Thursday 8 September 2016

Before the traders took over

It seem to me that we have to make up our minds "what do we stand for".
I have been reading a doom and gloom account of what BREXIT will mean in so far as
the City and the impact on Financial Services will be as we leave the single market.
The predicted impact of not being able to avail ourselves of being at the centre of the financial structure within the European Union, so devastating for some, that any price is worth paying.
Written from a position of a trader or a broker, perhaps a top flight banker the financial world is their universe and the "trade" is everything. The goings on in this highly developed and much maligned market, where the rules governing normal transactions are cast aside and the devious world of derivatives is a main the ingredient, where as  a sale is made you place a bet on the sale going sour (because you knew what you had sold was not what you had purported it to be). Where super fast computers are used to sift through the data and transact minute differences in currencies, not for any meaningful accumulation of real assets which can be sold as part of the consumerism world which is what we ordinary mortals see as reality, but for a buy/sell transaction that simply swops, from account A to account B, with no accumulation other than a paper one as one account is made richer at the expense of another.
The desperation for this immoral,  transactional merry go round to continue is so strong in the eyes of the City that to them Armageddon is just around the corner and they would cover their eyes and ears and transact just about anything to be able to keep things as they were.
The question as a country we have to ask is, should we be prepared to do virtually anything to stay on top, to be this mythical country which purports to be the 5th richest in the world but can hardly find the money from our own resources to build a strategic power station. Where the riches are merely tumble weed as we print more and more money to prop up a greater and greater financial deficit.


 Where we feel the trade of arms to a despotic regime like the Wahhabi run Saudis in Saudi Arabia is perfectly ok since on, the one hand they have the cash and we can diplomatically fudge the issue of what they do with the weapons and how many innocent civilians they kill.
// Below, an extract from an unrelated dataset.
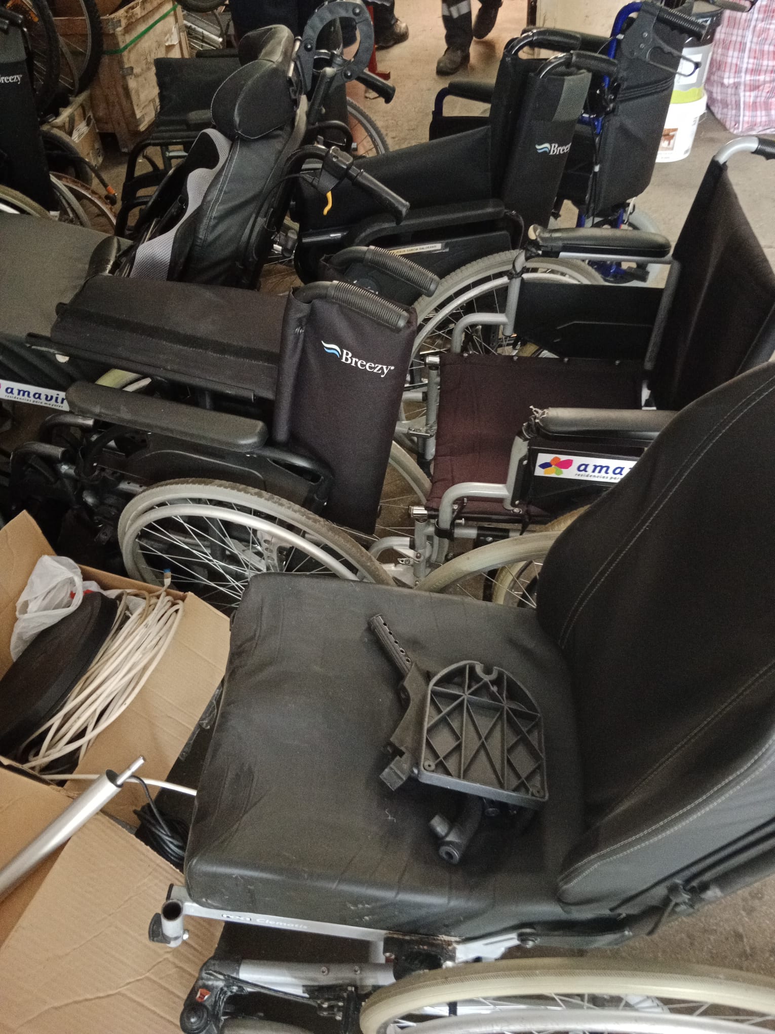El día junio de mayo de 2025 hemos recibido en nuestras instalaciones la donación de 8 sillas de ruedas que nos ha traído Julio Zubiría de Amavir Argaray.

 In the cause of being the 5th largest economy, we allowed our industries and the skills to wither away and rather we bought into the 'casino' for a quick buck.
At least the French, to say nothing of the Germans have kept their industries in tact and produce real products to export and balance the book on their imports.
The term Riches Countries in the World has a different connotation depending on how you equate a country being rich.
One such is, Gross domestic product  based on Purchasing Power per Capita. (How rich your citizens are as a proportion to GDP).
At the top of such a list comes :- Qatar, followed by Luxembourg and Singapore. Norway is 6th, USA 9th, Netherlands 13th, Germany 18th, France 25th and the U.K. 27th
The wealthiest in terms of actual wealth are :- USA, China, and Japan.
In terms of individual wealth including house ownership, :- Switzerland comes on top followed by Australia, the USA, the UK and Sweden. Germany and France come lower because house ownership is not the norm in those countries.
Using GDP as the measuring stick :- 1st USA, followed by China, Japan, Germany, the U.K. and France is 6th.
It's an interesting club we belong to, 5th when measured in gross earnings and 27th when taking those earnings and dividing them up as a proportion of the populous and the benefit they obtain.
The question I ask is would our "individual" wealth diminish proportion if we decided to be more prudent, more ethical in who we trade with and what we sell.
Norway is seen as an ethically proven country as is Sweden and Denmark all of whom sit well up the table of comparatives. Would we rather be chasing the Chinese with their sweat shop industrial methodology or the Americans with their Wall Street led, neo-con obsession with financial manipulation or should we gain some self respect and get off the tread mill and regain some of the admiration we once held for our legal propensity, our belief in doing the honest thing, in regaining a piece of the moral certitude we were famed for before the "traders" took over.